Cancer immunotherapy involves harnessing the body’s immune system to fight tumors; however, delivering treatments effectively and precisely remains a challenge. To that end, transdermal drug delivery via microneedles (MNs) offers a minimally invasive solution.

A new review in Glycoscience & Therapy focuses on a new material for these microneedles: natural polysaccharides. Derived from sources like plants, animals, and microbes, these sugars (e.g., hyaluronic acid, chitosan) are not only highly biocompatible and biodegradable but can also actively modulate the immune system.

The review distinguishes itself by positioning PMNs as an integrated “active therapeutic platform rather than passive drug carriers. The authors examined how PMNs function as both a delivery vehicle and an immunomodulator. They found that PMNs can transport various anti-cancer agents—from small molecules and antibodies to nanoparticles—directly into the skin, targeting rich networks of immune cells. Beyond simple delivery, the polysaccharide matrix itself can actively interact with and modulate these immune cells, creating a powerful dual-action therapy.

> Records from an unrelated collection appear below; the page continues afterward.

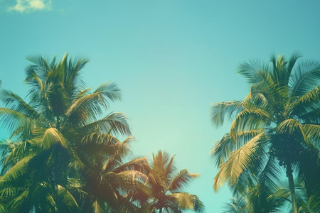 Palm trees against blue sky Palm tree at tropical coast vintage toned and stylized coconut tree
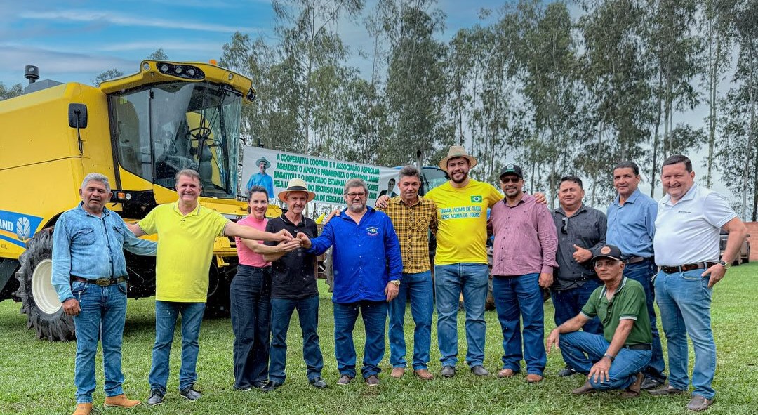 O projeto também conta com a parceria do senador Jaime Bagattoli (PL), que viabilizou a entrega de uma colheitadeira para atender às demandas das associações rurais do município.
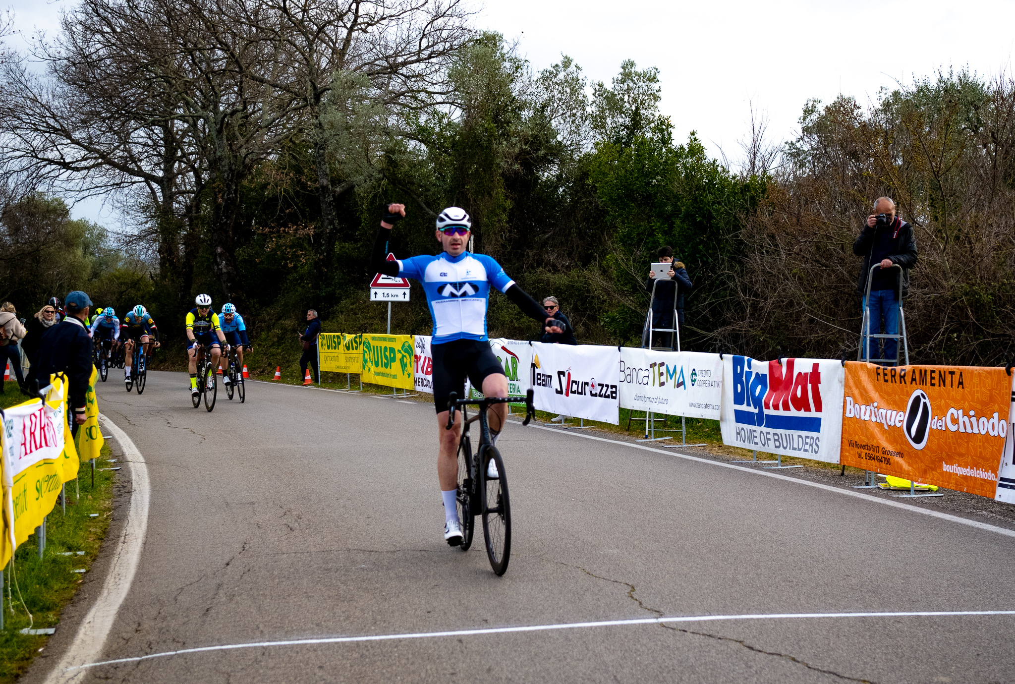 La manifestazione è andata in scesa mercoledì pomeriggio in località Bozzone di Vetulonia con un parterre di primissimo valore tra i 101 cicloamatori che si sono dati battaglia in un anello di nove chilometri sotto l’abitato di Giuncarico da ripetere quattro volte. Poi la carovana dei corridori è transitata per la Castellaccia, Pian Dei Bichi, dritta del Madonnino per poi arrivare a Giuncarico stazione dove c’era l’arrivo, dopo 65 chilometri di gara. La manifestazione è stata organizzata dal Team Marathon Bike con il patrocinio del Comune di Castiglione Della Pescaia e Provincia di Grosseto, in collaborazione con la Uisp , e supportata dalla Banca Tema e dalla Cantina Vini di Maremma di Marina di Grosseto. Nella prima partenza gara controllata dalle squadre laziali della Euronix e della Master Bike, che hanno cercato a più riprese di mandare all’attacco un proprio corridore cosa riuscita alla compagine della Master Bike. Infatti nel corso del secondo giro, attacco deciso Matteo De Santis, capitano di giornata della compagine di Frosinone. L’atleta di Sora (FR) è stato l’autentico mattatore di questa seconda prova con una fuga di oltre 50 chilometri vanificati purtroppo per lui negli ultimi 300 metri, dove il gruppo rinveniva con la vittoria in volata come si diceva di Rosi, su Vincenzo Borzi e Stefano Degl’Innocenti. Per lo sfortunato De Santis solo un quarantasettesimo piazzamento in classifica, e un posto nella storia del Trittico di Maremma per la sua fuga sfortunata. Nella seconda partenza, azione vincente al secondo giro con Roberto Maggioli, Antonio Capotosto e Carlo Socciarelli con un vantaggio sul gruppo che oscillava tra in 20’ e i 30 secondi. Niente da fare per il gruppo che non ce la faceva a colmare il vantaggio. Quinti i tre fuggitivi si contendevano la vittoria con Antonio Capotosto che si imponeva su Roberto Maggioli e Carlo Socciarelli compagno di squadra del vincitore. La volata di gruppo andava a Stefano Ferruzzi su Daniele Macchiaroli e Gianni Bonamici. La terza e ultima tappa andrà in scena mercoledì 30 marzo con partenza dal Bozzone con due classici giri delle strette da fare ma con l’emozionante finale che porterà i corridori nei pressi della Tomba del Diavolino di Vetulonia dopo due chilometri di salita dal versante di Buriano. In testa alla classifica a punti di questa classica è Carlo Socciarelli con 20 punti. In lizza per il primo posto c’è anche un atleta del Marathon Bike, Marco Giacomi con 17 punti.
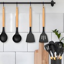 Zestaw wykonany z miękkiego silikonu zapewnia ochronę naczyń kuchennych, a jego nieprzywierające końcówki ułatwiają czyszczenie. Zestaw wytrzymuje temperatury do 230°C, co oznacza, że nawet w gorącym środowisku nie ulegnie deformacji ani stopieniu. Możesz bez obaw pozostawić go na chwilę w garnku podczas gotowania.
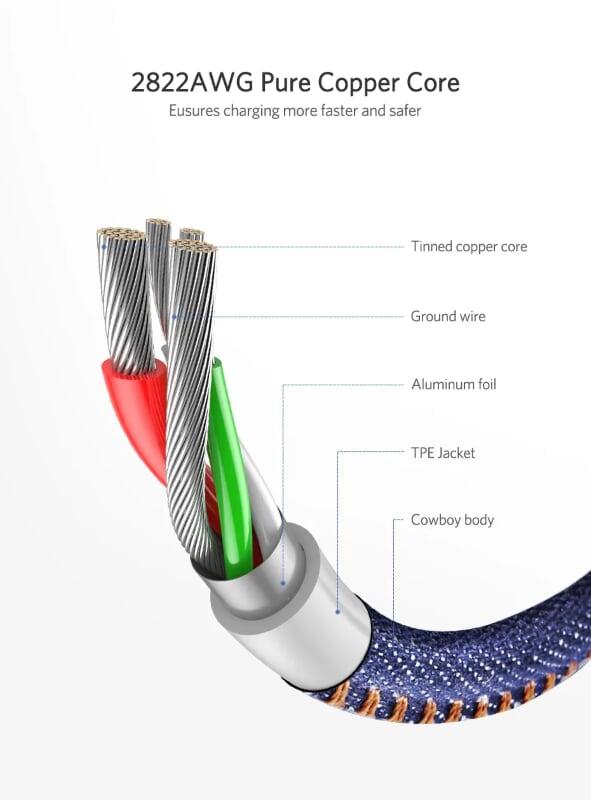 1. Function: Charging & Data Sync 2. USB 2.0 speed up to 480Mbps 3. 5A fast charge 4. Support PD3.0/QC4.0/FCP(100W max) 5. Wire core: tin-plated oxygen free copper 6. Multiple internal shielding 7. Can not
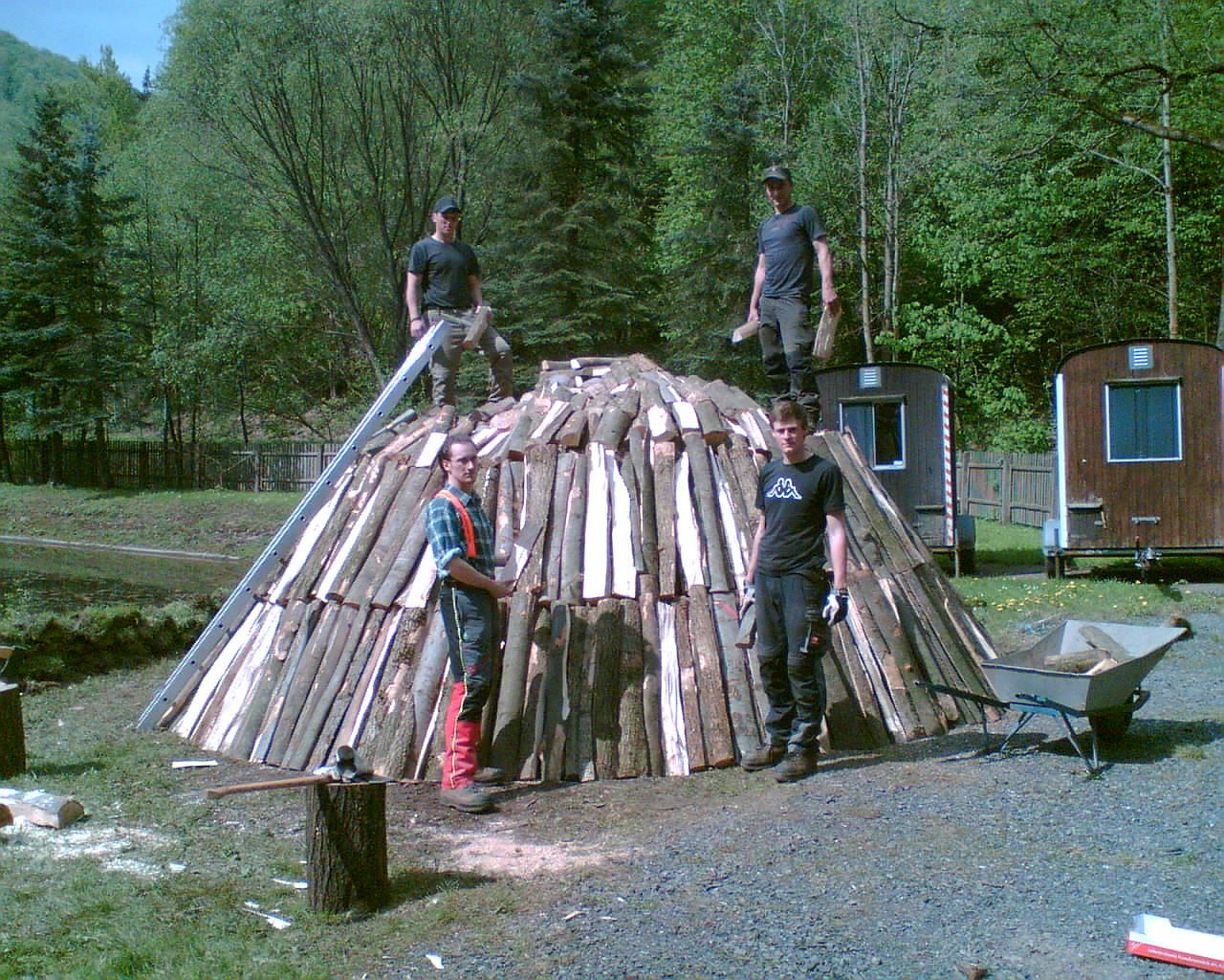 Ein historischer Erdmeiler wurde errichtet. Die benötigten 25 Raummeter Buchen- und Eschenmeterscheite kamen aus dem Forstrevier Rothesütte. Hartlaubholz gleicher Güte, wird für eine gleichmäßigen Kohlprozess und Holzkohle höchster Güte verwendet. Zum Aufbau des Erdmeilers: Am Anfang steht die Herrichtung des Meilerplatzes und der Meilerplatte. Anschließend wird ein sogenannter Quandelschacht, ein zwei Meter hoher im Zentrum befindlicher Schacht. Der anschließend mit leicht brennbaren Astmaterial und trocknen Buchenstücken gefüllt wird und dem späteren Anzünden dient. Dicht an dicht stapeln die jungen Auszubildenden die vorbereiteten Holzscheite an den Quandelschacht, bis sich ein halbkugelförmiger Aufbau ergibt.
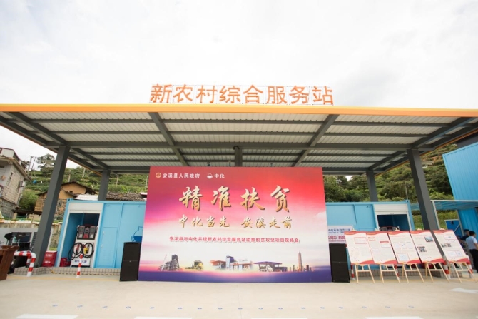 中化集团实施“万村千店加油站扶贫”计划,与福建安溪县合作共建新农村综合服务站。服务站配有农资超市、便利店、撬装加油和太阳能发电装置,具有车辆救援和医疗救助功能。服务站人员从贫困户中招聘,带动更多贫困户就业,确保稳定脱贫,贫困地区农产品纳入服务站便利店销售渠道。模式引起广西、湖北等地借鉴并建设扶贫加油站。

The review also detailed advances in material science, summarizes the unique structure-activity relationships of polysaccharides, their physicochemical properties tunability, and how these features can be exploited to improve mechanical strength, biocompatibility, controlled biodegradation, and tumor-specific responsiveness of MNs.

Overall, the review highlights three interconnected innovations at the materials–device interface:

1. Dual-Function Design: Intrinsic bioactivity of natural polysaccharides (e.g., chitosan-mediated interactions with dendritic cells) enables inherent immunomodulatory effects, generating synergistic responses alongside delivered anticancer agents.
2. Precision Manufacturing Frontier: Aadvanced fabrication, particularly 3D printing, plays a role in overcoming the structural and functional constraints of conventional microneedle manufacturing. Such approaches allow the rational design of geometrically customized MN architectures with improved mechanical performance, tissue interaction, and drug-loading capacity—key parameters for immunotherapy-oriented applications.
3. Engineering Microenvironment Responsiveness: The review synthesizes strategies for engineering PMNs that respond to tumor-associated cues, such as pH gradients or enzymatic activity, enabling localized and temporally controlled drug release. This materials-driven adaptability represents a clear conceptual advance over static, non-responsive MN systems.

Collectively, this materials-driven perspective positions PMNs as a versatile and scalable platform for next-generation cancer immunotherapy, providing a foundation for the rational design of intelligent drug–device combination systems in oncology.